Creatinin wurde enzymatisch bestimmt, standardisiert auf ID/MS, und Cystatin C ebenfalls mit Reagenz von Roche Diagnostics. Die Bestimmung von NGAL erfolgte mit Reagenz von BioPorto Diagnostics. Die 95 % Perzentilen sind gezeigt. Die Referenzintervalle für gesunde und nicht schwangere Frauen betragen nach Angaben der Reagenzhersteller: Creatinin 45–80 μmol/l; Cystatin C 0,61–0,95 mg/l; NGAL < 111 μg/l.

Tabelle 38.1-6 Negative Folgen in der Schwangerschaft bei Frauen mit Obesitas /26/

Klinische und Laborbefunde

Obesitas vor der Schwangerschaft

Die Obesitas (Fettleibigkeit) ist das häufigste Gesundheitsproblem von Frauen im gebärfähigen Alter.
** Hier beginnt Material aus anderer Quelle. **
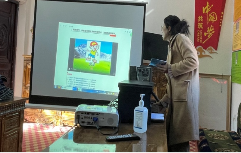 在新的学习内容开讲前,驻村工作队员扎西旺姆同志带领学员们复习了上一次课的学习内容,并通过为学员展示幻灯片的形式讲授了《日喀则市村(居)干部学习国家通用语言培训教材》中“单位部门”这一课程内容。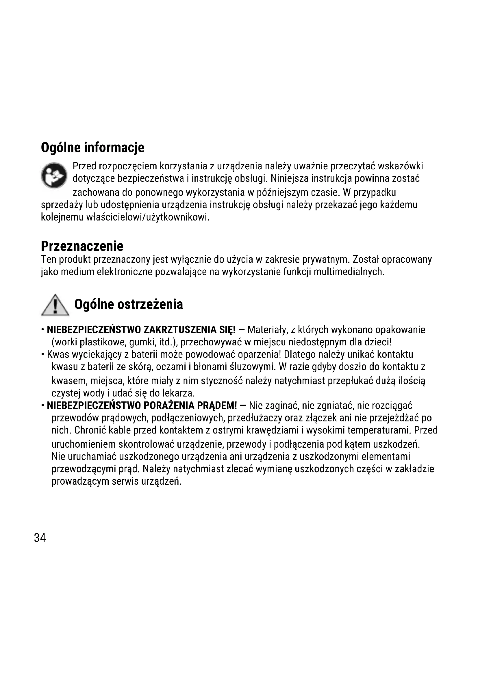 360° 360° F34 Ogólne informacje Przed rozpoczęciem korzystania z urządzenia należy uważnie przeczytać wskazówki dotyczące bezpieczeństwa i instrukcję obsługi. Niniejsza instrukcja powinna zostać zachowana do ponownego wykorzystania w późniejszym czasie. W przypadku sprzedaży lub udostępnienia urządzenia instrukcję obsługi należy przekazać jego każdemu kolejnemu właścicielowi/użytkownikowi. Przeznaczenie Ten produkt przeznaczony jest wyłącznie do użycia w zakresie prywatnym. Został opracowany jako medium elektroniczne pozwalające na wykorzystanie funkcji multimedialnych. Ogólne ostrzeżenia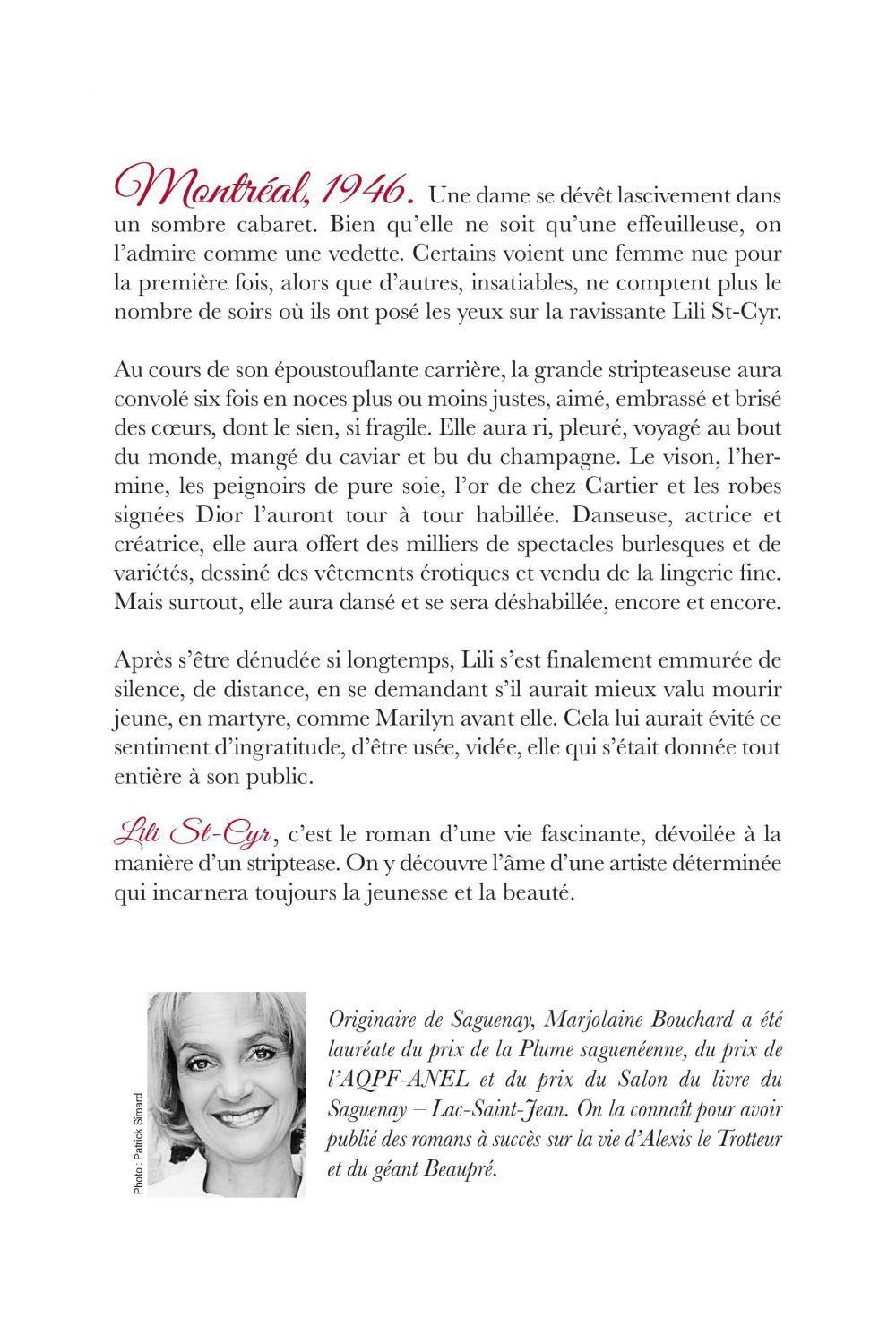 Montréal, 1946. Une dame se dévêt lascivement dans un sombre cabaret. Bien qu'elle ne soit qu'une effeuilleuse, on l'admire comme une vedette. Certains voient une femme nue pour la première fois, alors que d'autres, insatiables, ne comptent plus le nombre de soirs où ils ont posé les yeux sur la ravissante Lili St-Cyr.Au cours de son époustouflante carrière, la grande stripteaseuse aura convolé six fois en noces plus ou moins justes, aimé, embrassé et brisé des coeurs, dont le sien, si fragile. Elle aura ri, pleuré, voyagé au bout du monde, mangé du caviar et bu du champagne. Le vison, l'hermine, les peignoirs de pure soie, l'or de chez Cartier et les robes signées Dior l'auront tour à tour habillée. Danseuse, actrice et créatrice, elle aura offert des milliers de spectacles burlesques et de variétés, dessiné des vêtements érotiques et vendu de la lingerie fine. Mais surtout, elle aura dansé et se sera déshabillée, encore et encore.Après s'être dénudée si longtemps, Lili s'est finalement emmurée de silence, de distance, en se demandant s'il aurait mieux valu mourir jeune, en martyre, comme Marilyn avant elle, Cela lui aurait évité ce sentiment d'ingratitude, d'être usée, vidée, elle qui s'était donnée tout entière à son public.Lili St-Cyr, c'est le roman d'une vie fascinante, dévoilée à la manière d'une stripteaseuse. On y découvre l'âme d'une artiste déterminée qui incarnera toujours la jeunesse et la beauté.

Obwohl das absolute Risiko schwerer Schäden bei Mutter und Kind und Probleme des Gedeihens Neugeborener von obesen Müttern gering sind, sollten obese Frauen schon präkonzeptionell über Risiken und Nachteile während der Schwangerschaft aufgeklärt werden /26/. Die Aufklärung sollte betreffen:

  • Maßnahmen zur Änderung des Lebensstils und zur Gewichts­abnahme
  • Das Vorliegen einer geringeren Fertilität bei obesen im Vergleich zu nicht-obesen Frauen
  • Die Einnahme von Folsäure
  • Falls erforderlich die Änderung von Gewohnheiten. Gelegentlich auch die Überweisung zu einem Ernährungsberater oder Facharzt, z.B. wenn Erkrankungen oder Zustände vorliegen wie hoher Blutdruck, Diabetes mellitus, verminderte Nierenfunktion oder eine Depression
  • Die Möglichkeit einer vorzeitigen Entbindung
  • Negative Folgen während der Schwangerschaft wie Schwangerschaftsdiabetes, Präeklampsie, Geburtsstillstand
  • Probleme nach der Geburt wie verstärkte Blutung oder Infektion bei der Schnittentbindung
  • Depression nach der Entbindung
  • Fetale Probleme wie Todgeburt, Makrosomie (Geburtsgewicht > 4.000 g)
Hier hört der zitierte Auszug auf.